Recorded data:
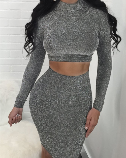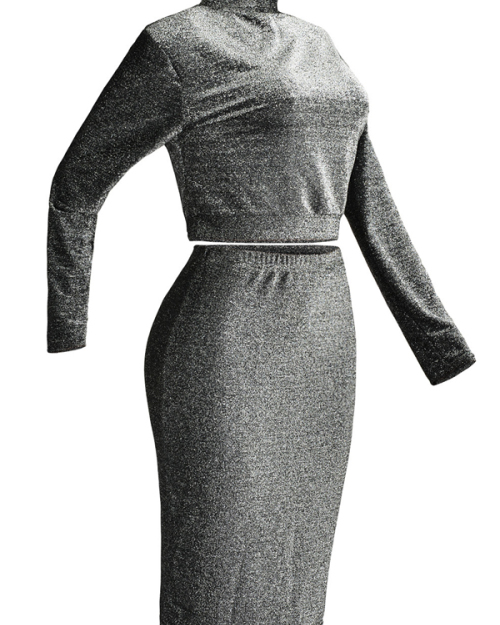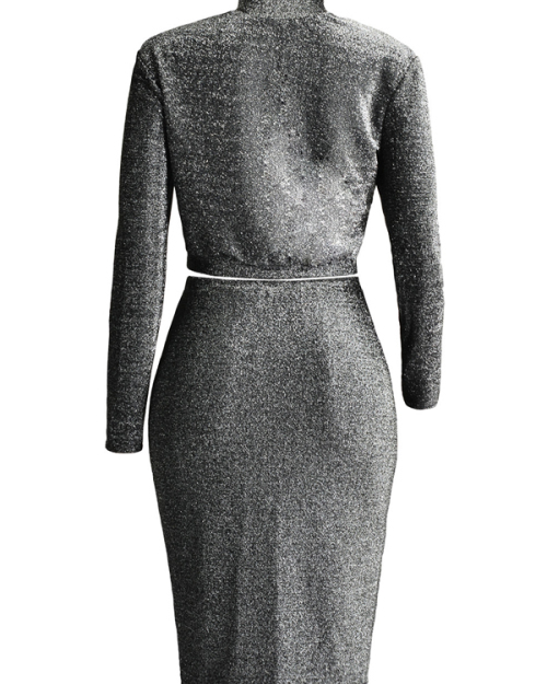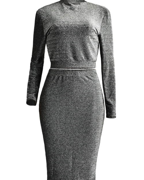 Euramerican Turtleneck Long Sleeves Black Cotton Two-piece Skirt Set
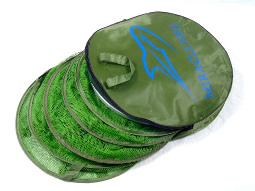 Dzięki zastosowaniu odpowiedniego Gumowanego tworzywa siatka szybko schną , co niweluje występowanie nieprzyjemnego zapachu rybiego śluzu. Całość na aluminiowej obręczy wyposażonej w podpórkę.
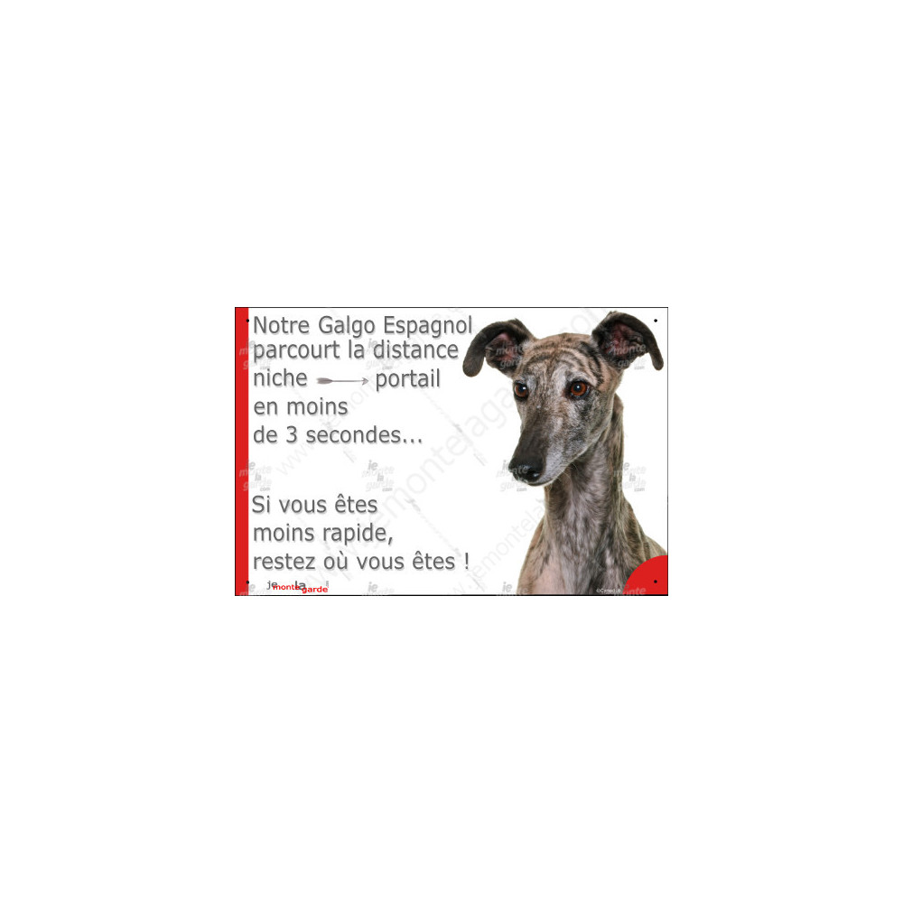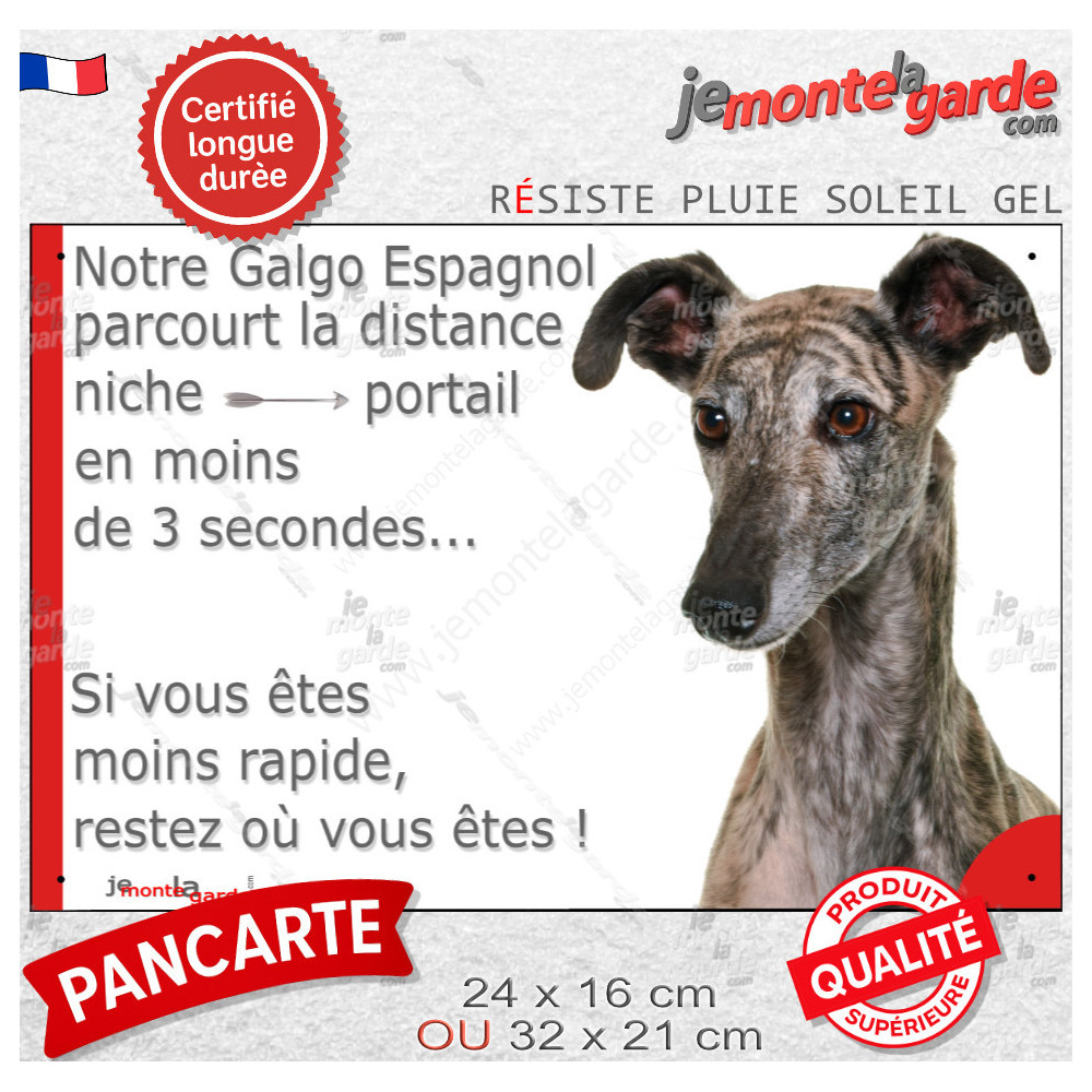 Panneau humoristique orné d’un Lévrier Galgo Espagnol bringé au regard expressif, imprimé en France sur matériau extérieur. Il indique : “Notre Galgo Espagnol parcourt la distance niche-portail en moins de 3 secondes… Si vous êtes moins rapide, restez où vous êtes !” Un message clair qui fait sourire et réfléchir.
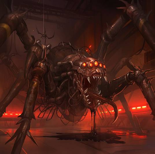 В этот момент нас вновь пытается настигнуть мехалит, ставший полноценным гигантским пауком, на металлическом корпусе которого растет биологическая плоть, свисающая не самыми аппетитными ошметками. Это не только выглядит отвратно, но и в целом как-то неправильно. Почему вообще мехалиту возвращается плоть, да еще именно таким образом?
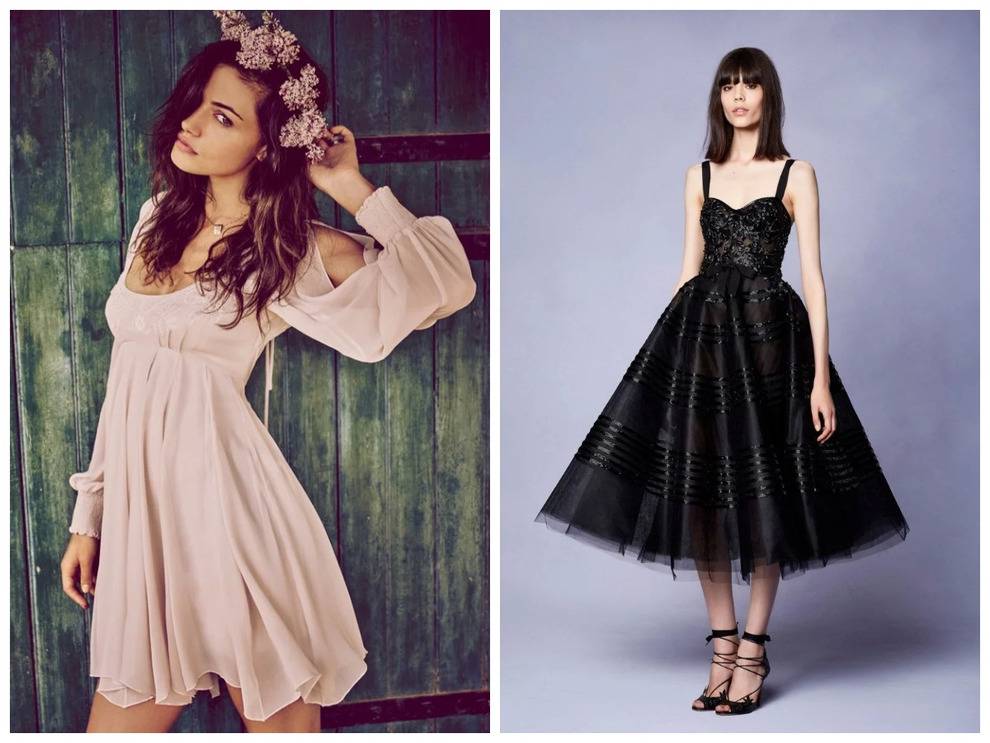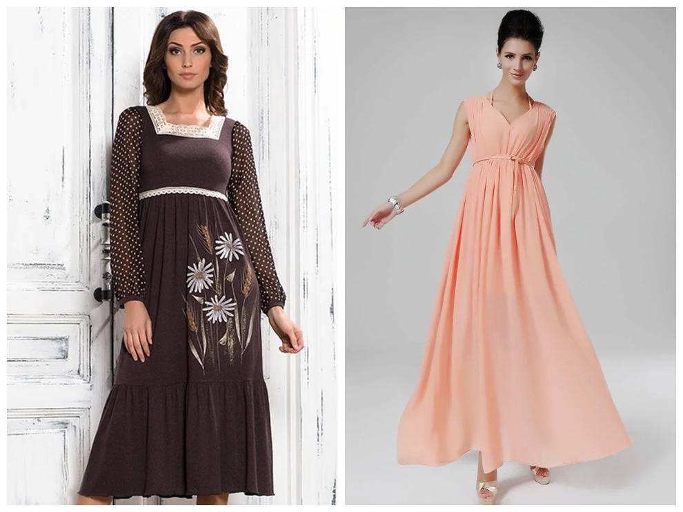 В качестве вечернего платья лучше подойдут длинные модели. Менее праздничный вариант – короткие платья. Платья с завышенной талией в зависимости от модели можно надевать как с тонкой шпилькой, так и с обувью на платформе или танкеткой.
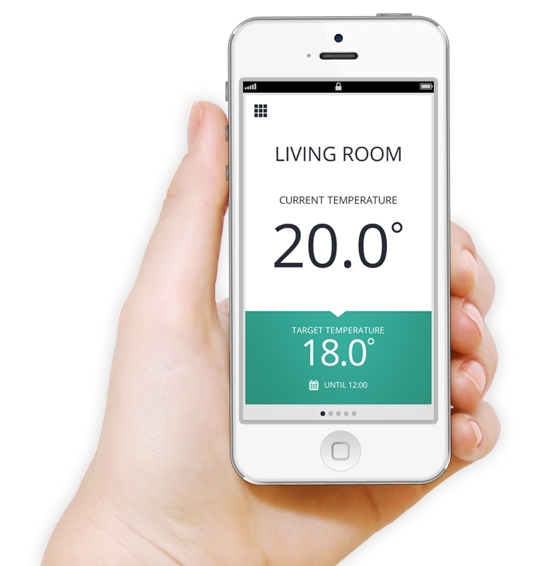 Heizung und Warmwasserbereitung können entweder direkt über den Touchscreen der Steuereinheit oder von überall aus über den mobilen Fernzugriff per "Smartphone" oder Tablet (über eine kostenlose App für iOS oder Android) gesteuert werden.
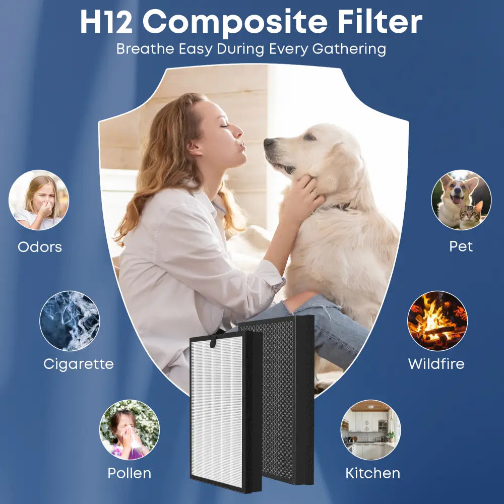 - H12 HEPA Filtration with Anion Purification: Captures 99.97% of PM2.5, dust, smoke, and allergens with H12 HEPA and ioniser technology.
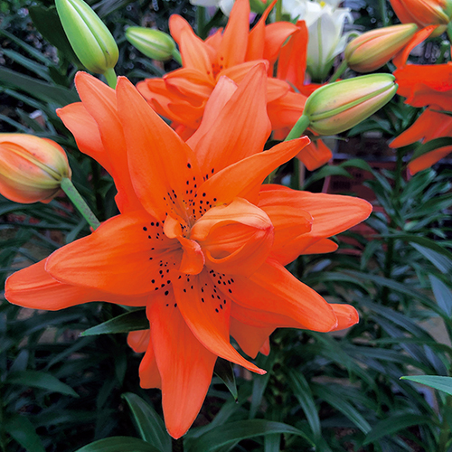 AHユリ。八重咲きのオニユリを思い浮かべるすかしの橙色花の八重種。草丈が伸びやすく、輪つきがとてもよい。ユリ科
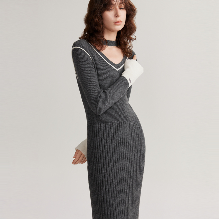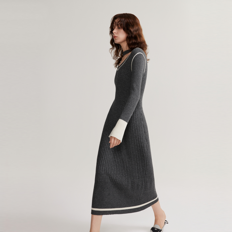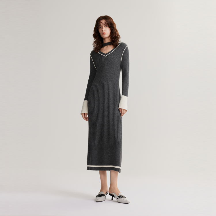 ELLE Платье с длинным рукавом Women's Dark Gray
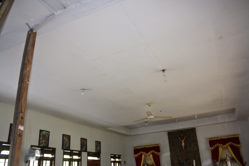 Interior Gereja - Kuda-kuda atap, seng, sudah bocor |
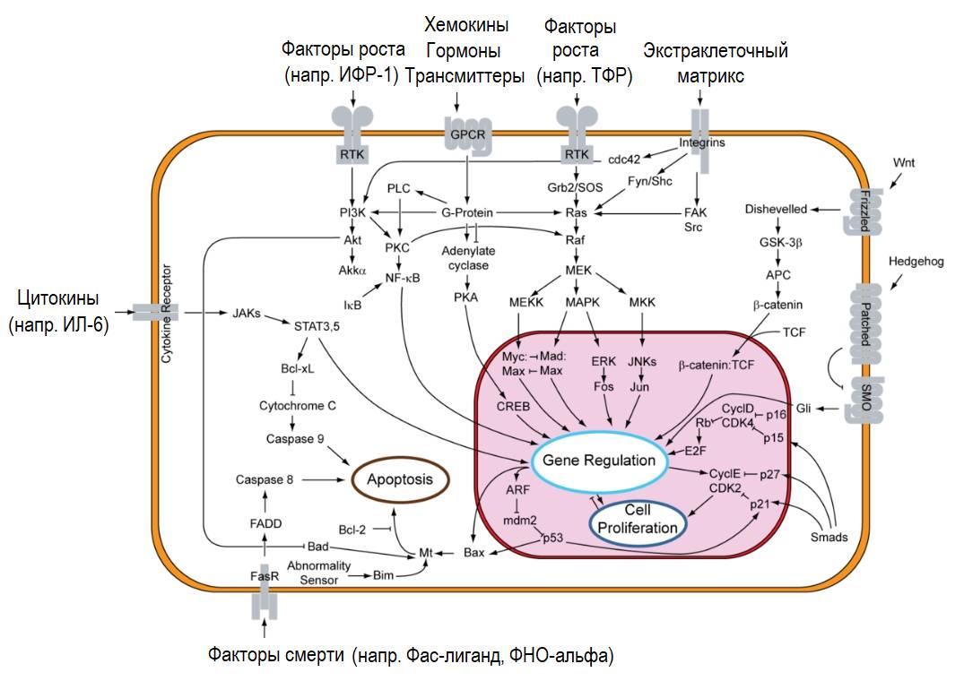 Таким образом, дифференцировка, рост, жизненный цикл и гибель клеток регулируются и всецело зависят от внешних стимулов и внутриклеточных сигнальных каскадов, влияющих на генетическую регуляцию.

Exercise requirements: Ending at the line with "Panneau humoristique orné", reproduce exactly the lines that begin at the top of the data, and include no pictures.

Finished exercise:
 Euramerican Turtleneck Long Sleeves Black Cotton Two-piece Skirt Set
 Dzięki zastosowaniu odpowiedniego Gumowanego tworzywa siatka szybko schną , co niweluje występowanie nieprzyjemnego zapachu rybiego śluzu. Całość na aluminiowej obręczy wyposażonej w podpórkę.
 Panneau humoristique orné d’un Lévrier Galgo Espagnol bringé au regard expressif, imprimé en France sur matériau extérieur. Il indique : “Notre Galgo Espagnol parcourt la distance niche-portail en moins de 3 secondes… Si vous êtes moins rapide, restez où vous êtes !” Un message clair qui fait sourire et réfléchir.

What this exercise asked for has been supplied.